You need to follow up on your appeal. 18 months is too long. send an email to the DG and the minister. call them etc you will definitely have it in a month. DHA is sloppy but if you follow up they do deliver.


----------



## kumbulanit (Jul 19, 2017)

Ebenezar1 said:


> You need to follow up on your appeal. 18 months is too long. send an email to the DG and the minister. call them etc you will definitely have it in a month.
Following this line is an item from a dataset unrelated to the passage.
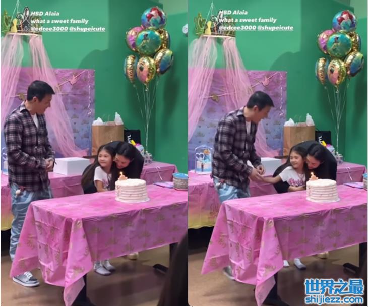 视频中,陈冠希为女儿举办了隆重的生日派对,在一个绿色背景的大房间内,用粉色纱幔布置出如同卡通里的“公主城堡”,而在桌子上放了一个大蛋糕为女儿庆生。
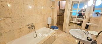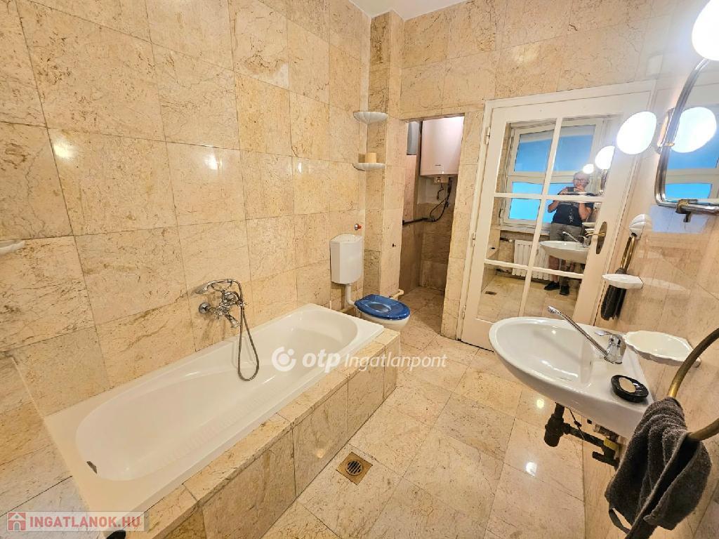 Az ablakos fürdőszoba egy nagy káddal van ellátva, innen nyílik a tehnikai helység/tároló ahova a kedvezményes tarifás távvezérelt villanyóra által ellátott elektromos vízmelegítő bojler van felszerelve. Mivel 2 külön villanyóra van így simán beleférünk a támogatott kedvezményes áram mennyiségbe. Mindkét helység a padlótól a mennyezetig szintén vastag márványlapokkal van burkolva.

DHA is sloppy but if you follow up they do deliver.


 Thank you for the response how can i get the email or contact details for DG and is this just DG in general or DG for appeals
?


----------



## Ebenezar1 (Jun 30, 2016)

Send an email to Mkuseli Apleni he's the Director General for home affairs. The buck stops with him. Hes helpful. His email is on the DHA website. Also copy in the minister as well in the email you must put your timelines and relevant reference numbers.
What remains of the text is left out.